Work task: Please reproduce all of the listing below exactly and drop its images.

Information supplied:
══════════════════════════════

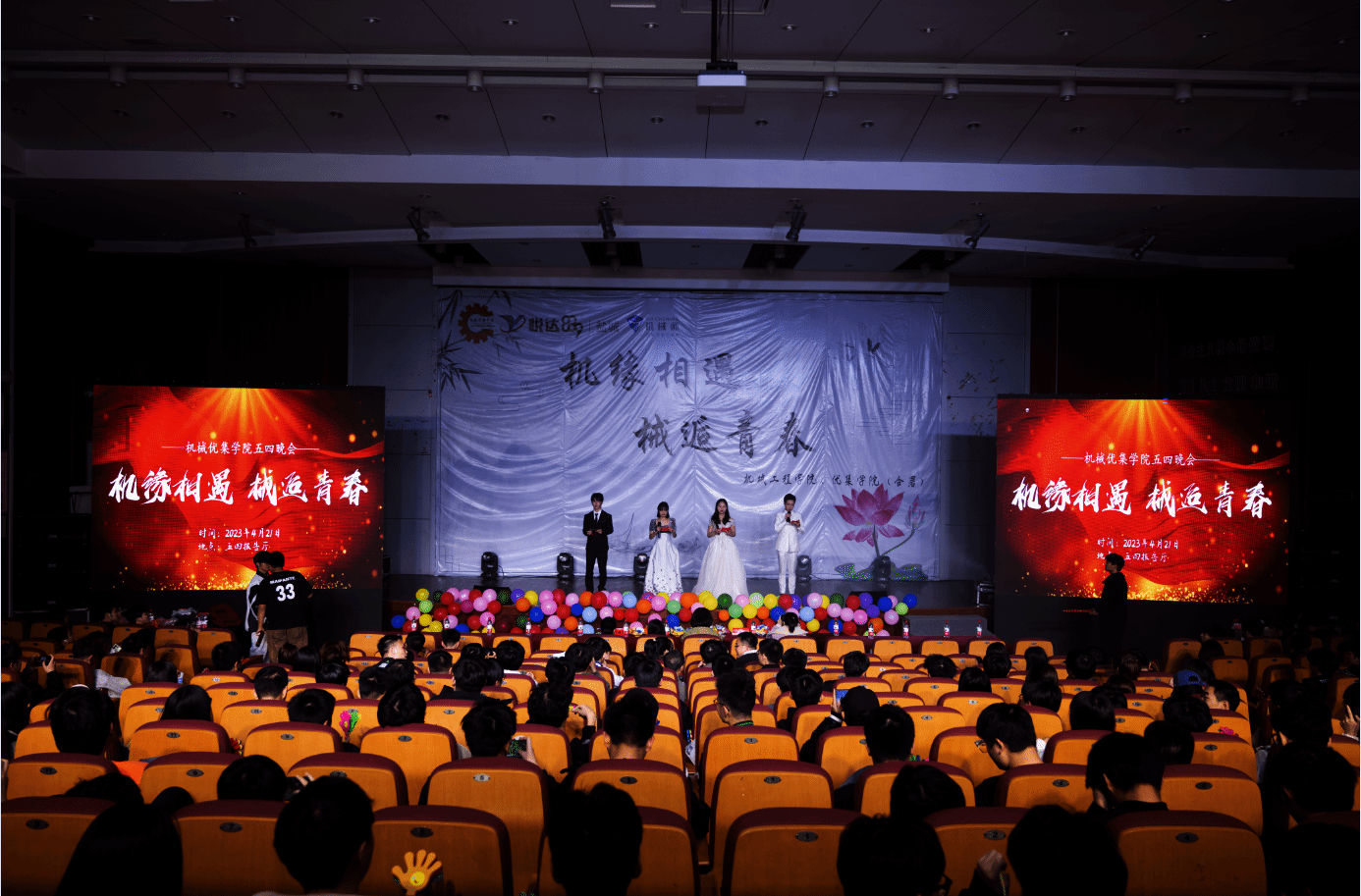 在五四青年节即将来临之际,为深入学习弘扬五四先驱崇高的爱国理想和革命精神,集中展现盐工青年师生的时代风貌,4月21日晚7点,机械优集学院在希望大道校区五四报告厅举办“机缘相遇,械逅青春”五四晚会,党委副书记马晓英、学工办副主任程云庆、新生辅导员和机械优集学院全体大一新生共计600余人参加了此次活动。
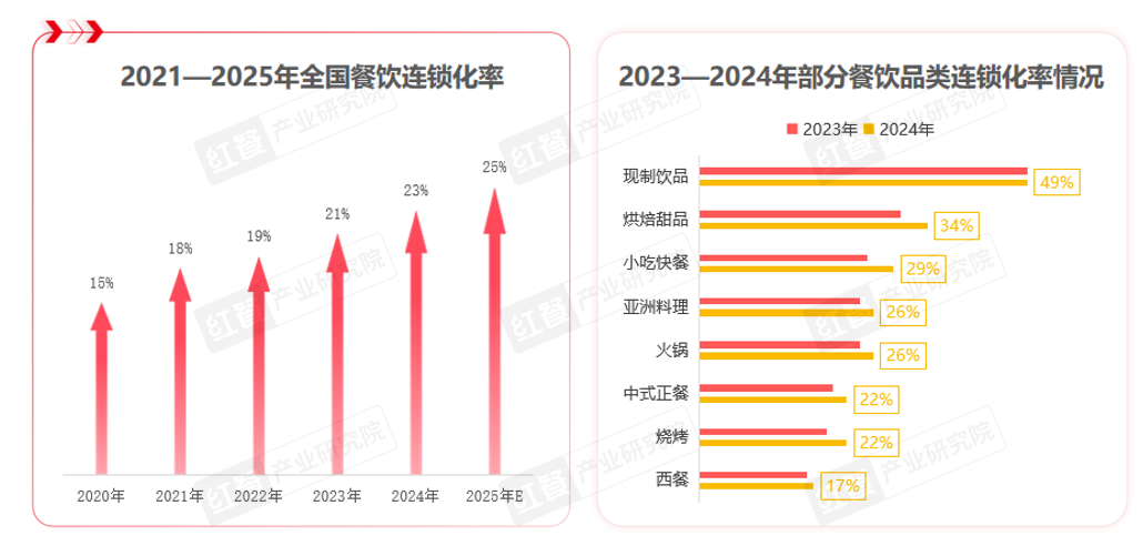 市场消费低迷,竞争却更激烈。截至今年8月,餐饮相关企业存量达1603万家,连锁化趋势增强,各赛道连锁化率均有提升,预计2025年餐饮连锁化率将提至25%左右。
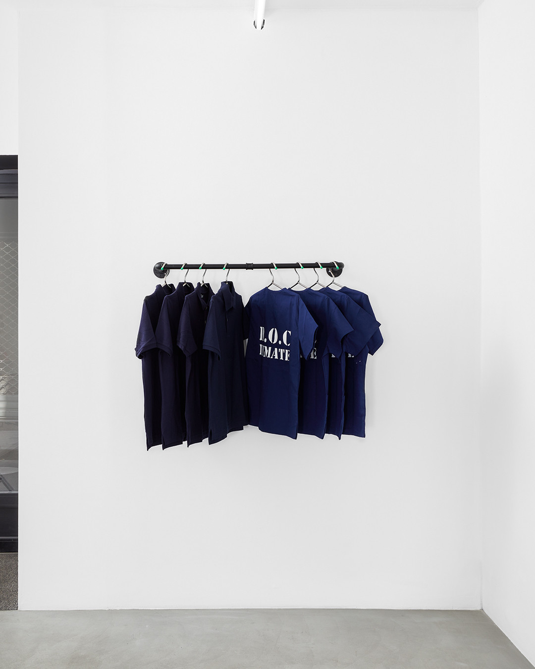 He plays with the clichés of the American Dream. In a similar fashion to the Easy Transition installation, where the public school uniforms were fronted to those of prisoners’, reminding of the School to Prison Pipeline theory: the dress code, and other regulations of the American school system, favouriting the passage from school seats to those of a cell.
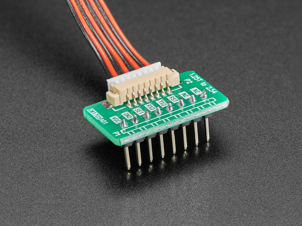We give you the sensor box as well as the cable and a 0.1" / 2.54mm breakout board so you can wire it easily. You only need power plus one data pin (for the UART TX). Power is 5V, logic is 3.3V

══════════════════════════════

Solution:
 在五四青年节即将来临之际,为深入学习弘扬五四先驱崇高的爱国理想和革命精神,集中展现盐工青年师生的时代风貌,4月21日晚7点,机械优集学院在希望大道校区五四报告厅举办“机缘相遇,械逅青春”五四晚会,党委副书记马晓英、学工办副主任程云庆、新生辅导员和机械优集学院全体大一新生共计600余人参加了此次活动。
 市场消费低迷,竞争却更激烈。截至今年8月,餐饮相关企业存量达1603万家,连锁化趋势增强,各赛道连锁化率均有提升,预计2025年餐饮连锁化率将提至25%左右。
 He plays with the clichés of the American Dream. In a similar fashion to the Easy Transition installation, where the public school uniforms were fronted to those of prisoners’, reminding of the School to Prison Pipeline theory: the dress code, and other regulations of the American school system, favouriting the passage from school seats to those of a cell.
We give you the sensor box as well as the cable and a 0.1" / 2.54mm breakout board so you can wire it easily. You only need power plus one data pin (for the UART TX). Power is 5V, logic is 3.3V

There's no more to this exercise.